Description of the task: In the data that follows, find the line with "上品な印象を与える小さなパール装飾が特徴的な半袖カットソーです。"; transcribe it, every later line up to the one with "Nasiona wysiewamy wprost", and that line as well, exactly and with no others.

Working data:

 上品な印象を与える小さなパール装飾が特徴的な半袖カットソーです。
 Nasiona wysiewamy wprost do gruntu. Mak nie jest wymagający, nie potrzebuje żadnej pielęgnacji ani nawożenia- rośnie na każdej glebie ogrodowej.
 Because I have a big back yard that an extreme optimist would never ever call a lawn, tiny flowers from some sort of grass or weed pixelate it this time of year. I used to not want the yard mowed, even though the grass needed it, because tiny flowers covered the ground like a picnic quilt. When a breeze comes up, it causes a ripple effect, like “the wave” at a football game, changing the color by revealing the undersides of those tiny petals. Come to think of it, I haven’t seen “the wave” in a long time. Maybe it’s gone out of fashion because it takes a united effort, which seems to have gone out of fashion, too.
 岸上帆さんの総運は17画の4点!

* * *

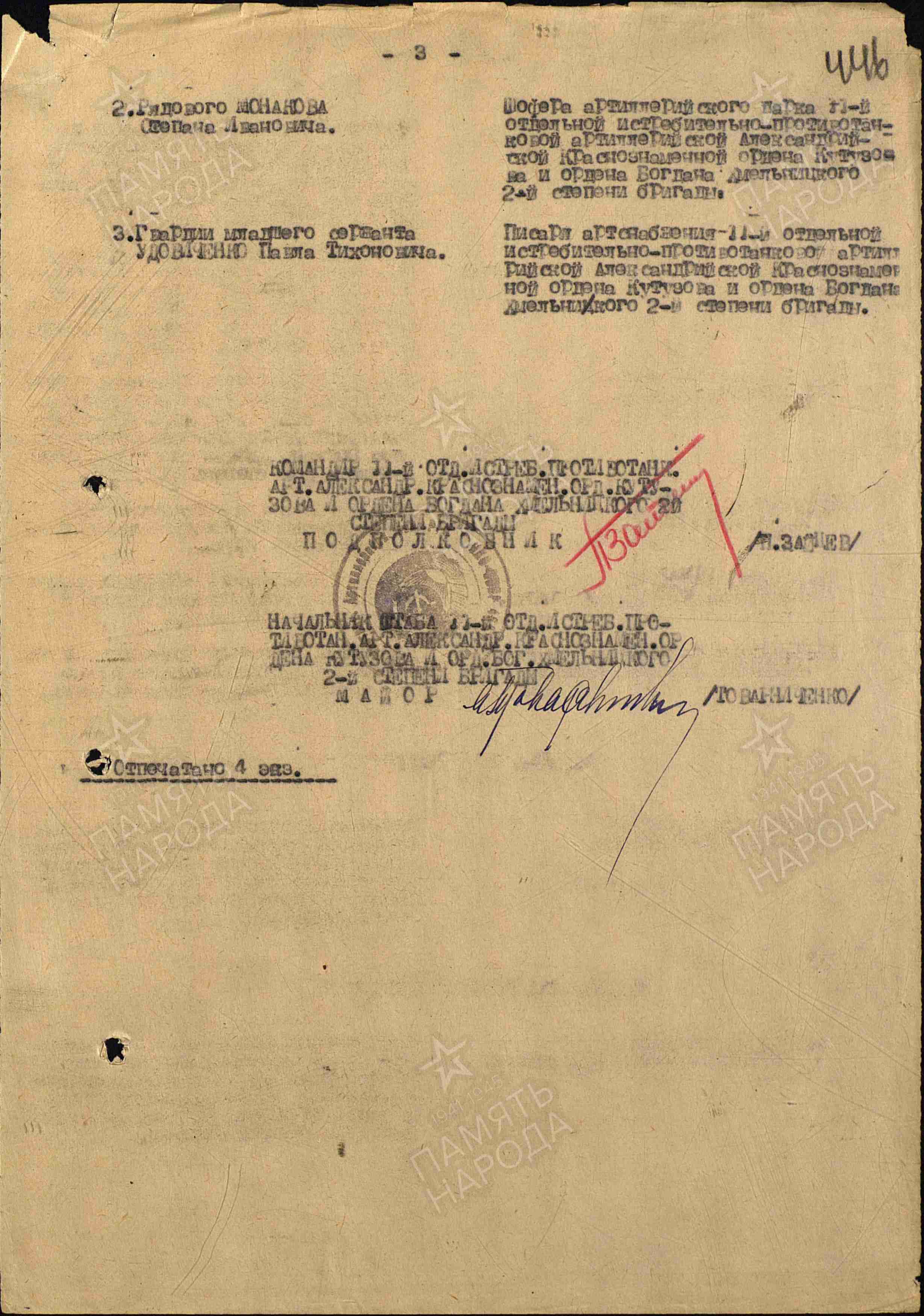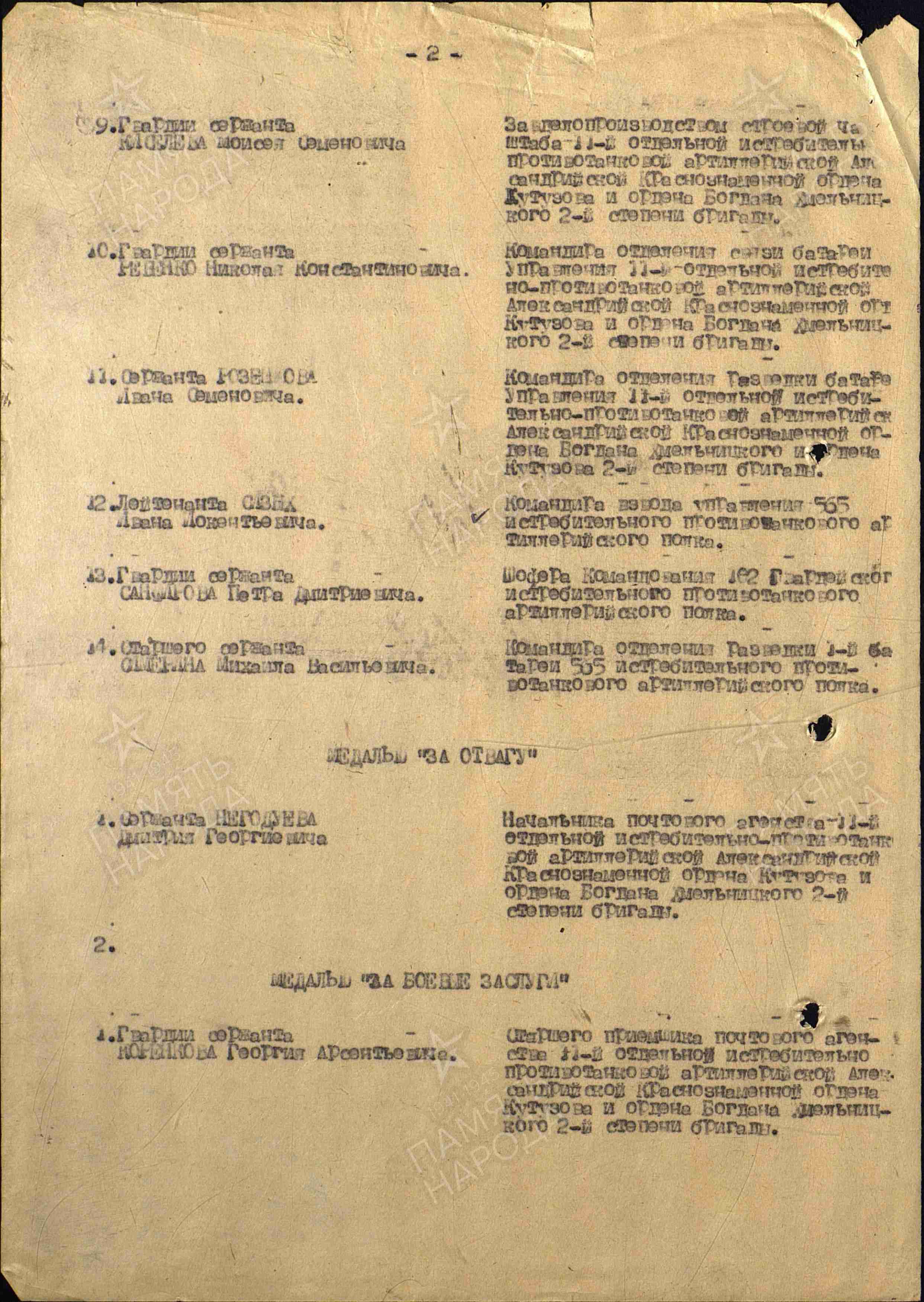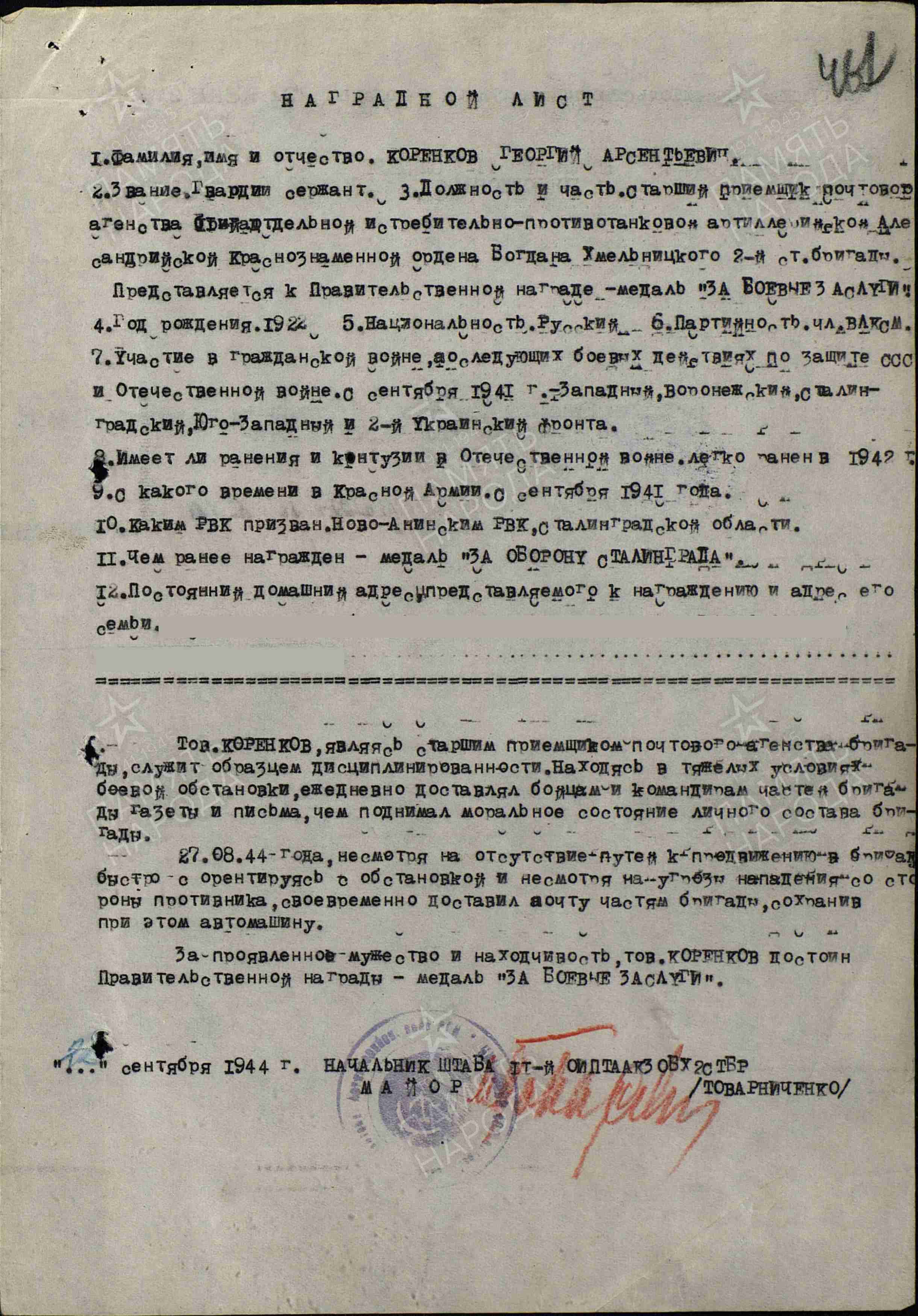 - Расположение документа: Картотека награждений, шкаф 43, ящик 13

Result of the task:
 上品な印象を与える小さなパール装飾が特徴的な半袖カットソーです。
 Nasiona wysiewamy wprost do gruntu. Mak nie jest wymagający, nie potrzebuje żadnej pielęgnacji ani nawożenia- rośnie na każdej glebie ogrodowej.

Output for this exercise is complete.